Isora looks at Harper.

He murmurs, “After you,” doubting whether he can fit his bulky frame through the narrow opening.

She grins. “We'll pull you through if you get stuck.”

She releases George, who bounds into the hole. Harper watches enviously as Isora slips into the burrow with one lithe, easy movement. He follows, worming his way warily into the opening. He's barely got his whole length inside when he comes up against chunks of broken cement. He hears one of Anderson's men call from the other side of the barn, “No sign of them round here,” and Diamond Head answer triumphantly, “Then they're behind it.”

From above him he hears Drumgold whisper urgently, “Get a move on, Harp. Roll over.”

Harper squirms on to his back and sees Drumgold and Isora above him, peering over the edge of the cement floor, which has crumbled and sunk where the old den has undermined it.

“Pull the grass and branches and stuff back around the opening behind you,” says Drumgold.

Harper reaches back and disguises the entrance. He hears footsteps crashing into the undergrowth from both sides. He eases himself upward until Drumgold puts a hand on his shoulder and mouths, “Freeze.”

The footsteps are alongside them. One of Anderson's men says, “They're not here. Maybe they climbed over the wall,” and Diamond Head says, “No way. They're in the grounds somewhere. You two stay by the shed. We'll check the other side of the house.” The footsteps move away.

Harper scrambles up beside Drumgold and Isora. George is straining to return to the burrow and she holds him tight on his leash. They look around. They are behind a rusting freezer, a stack of metal barrels, and two old tractors. They make their way carefully through them and find one side of the barn lined with garden machines – a ride-on mower, a cultivator, a snow blower, an ATV with a small trailer attached – and the other stacked with bales of straw.
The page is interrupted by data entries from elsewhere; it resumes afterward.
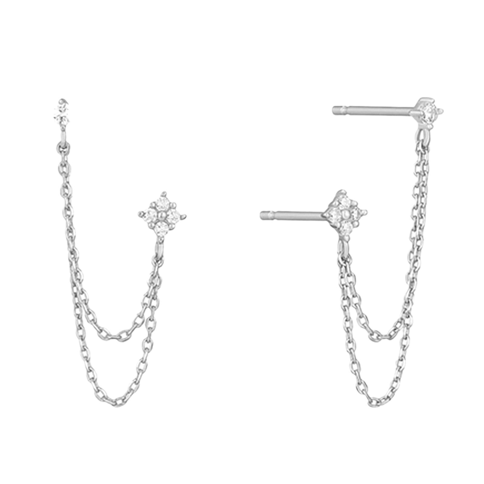 单只流苏耳线白钻【钢色】
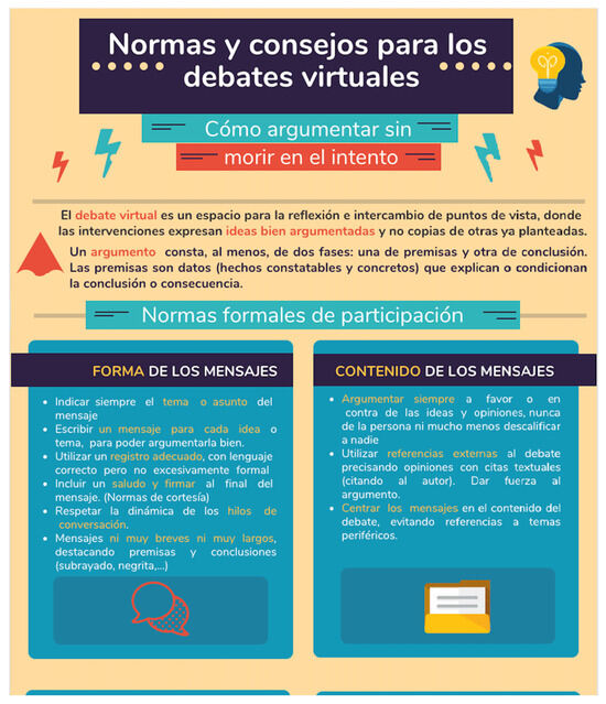 It is important to note that defining some of the parameters listed above was not an easy task due to the lack of previous experience with the tool. Hence, to define the severity rate and the maximum dispersion rate, we followed the recommendations of the research team, taking care not to exceed them by more than 15%. (3) How to present the activity in the virtual space and the specific indications on how to participate in the debate by means of an infographic presentation (Figure 4).
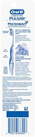 The Oral-B Pulsar Microban toothbrush has battery powered Vibrating bristles to help breakup plaque between teeth. This toothbrush removes 90% of plaque in hard to reach places. These bristles are protected from bacteria*. Oral-B is #1 Used by Dentists Worldwide. *Inhibits microbial growth of odor-causing bacteria that may affect the bristles. The bristles do not kill bacteria in the mouth or protect against disease. Always clean the product thoroughly after use.
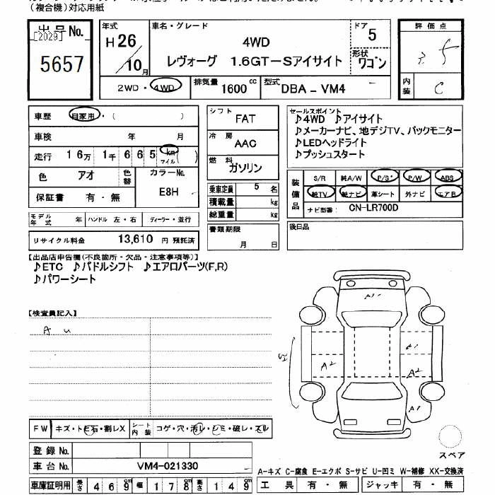 SUBARU LEVORG 2014 г., лот № 5657
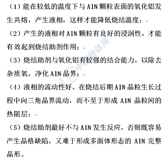 选择AlN陶瓷烧结助剂应遵循以下原则:
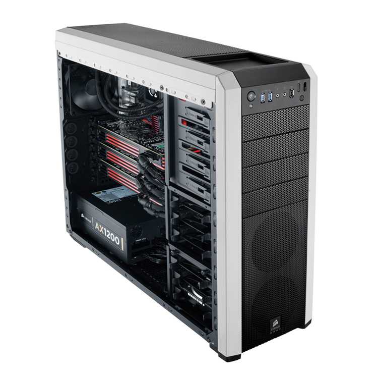 Diseñada para proporcionar un enorme espacio para tu equipo, Carbide 500R además cuenta con una extrema refrigeración gracias al ventilador de 200 mm que incluye para un extra de ventilación de la GPU, controles de velocidad para ventiladores y un sistema para instalar discos duros extraíble.
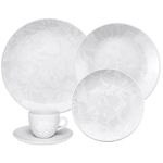 6 Pratos Rasos - 28 cm6 Pratos Fundos - 24 cm6 Pratos de Sobremesa - 21 cm6 Pires Chá - 16 cm6 Xícaras Chá - 200 mlAparelho de Jantar 30 Peças CoupBlanc Oxford - InformaçõesUso: Resistente a micro-ondas, resistente a lava-louçasMaterial: PorcelanaFormato: RedondoDecoração: Decoração floral na mesma corCor: Branco
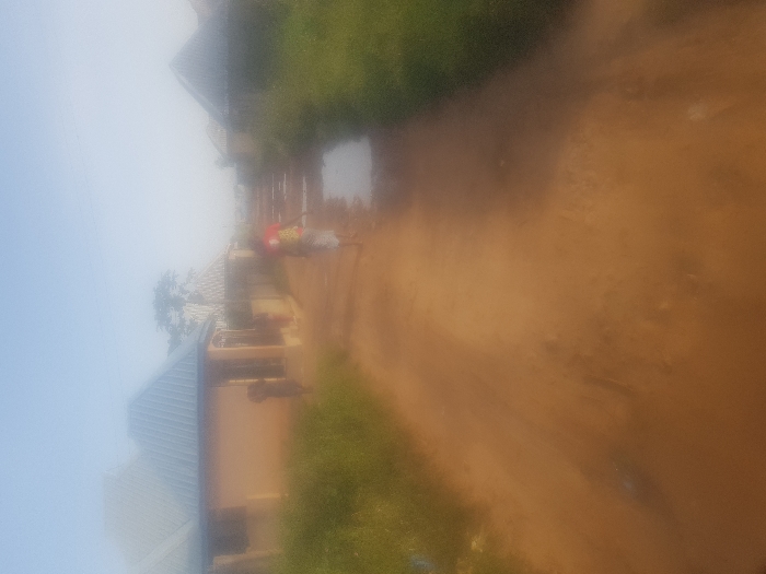 The image depicts a hazy, unpaved reddish-brown dirt road in Jos, Nigeria, extending into the midground
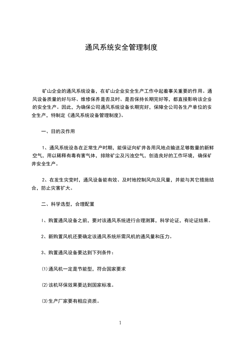 矿山企业的通风系统设备,在矿山企业安全生产工作中起着事关重要的作用。通风设备质量的好与坏、维修保养是否及时、是否保持长期完好等,都直接影响该企业的安全生产。因此,为确保公司通风系统设备长期完好,保障全公司各生产单位的安全生产,特制定《通风系统设备管理制度》。
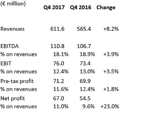 In Q4 2017 alone, consolidated revenues amounted to €611.6 million, up by 8.2% compared to Q4 2016.
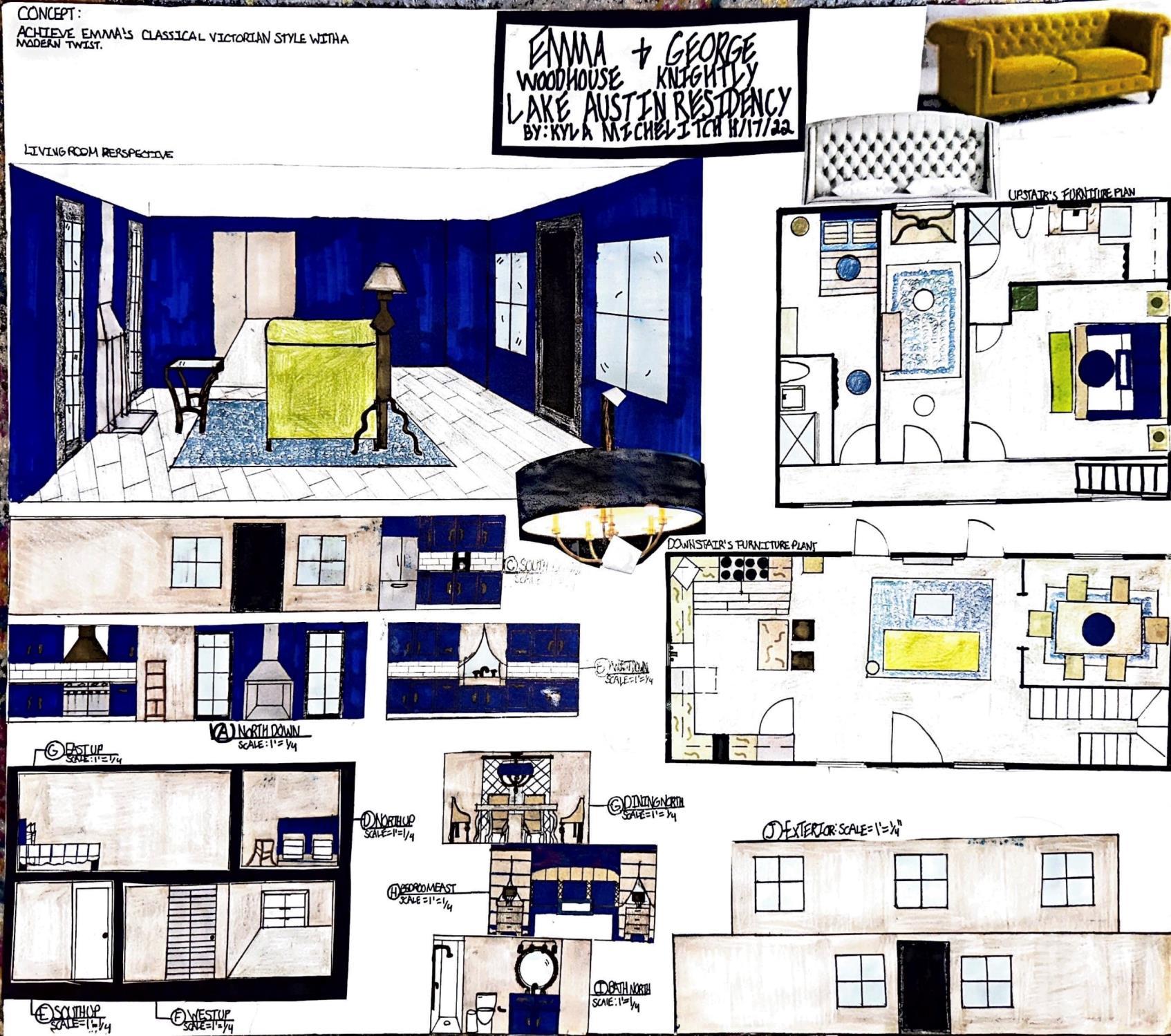 The Lake Austen project is a twostory shipping container home. It is an eco friendly home with a Victorian style that has a modern twist. The mandatory color palette of the house is inspired by navy blue, beige, and chartreuse.

Cardboard packing cases are strewn around the floor.

Harper jokes, “Has anyone got a match?”

Drumgold reaches into his pocket and produces a lighter. He flips it open and holds the flame close to one of the bales.

Harper starts, “I didn't really mean–”

Drumgold says, “Let's teach Anderson and his men a lesson.”

They hear a car approaching and Drumgold says, “Talk of the devil. Quick, we can get out when they open the gates for him.”

He closes the lighter and returns it to his pocket. Harper discovers his pulse is racing. He tries to steady his breathing.

They squeeze back through the hole in the floor and make their way along the rear of the barn until they can see into the
yard. Diamond Head is opening a compartment in the far gate post. Droopy stands nearby. There's no sign of the other two security guards. A long black car, licence plate AA1, pulls up at the gate. Diamond Head taps at a console and the gates swing silently open. The car noses forward and stops.

Diamond Head says, “Good afternoon, Mr. Anderson.”

A man's voice says from the car, “Why are you standing around like this?”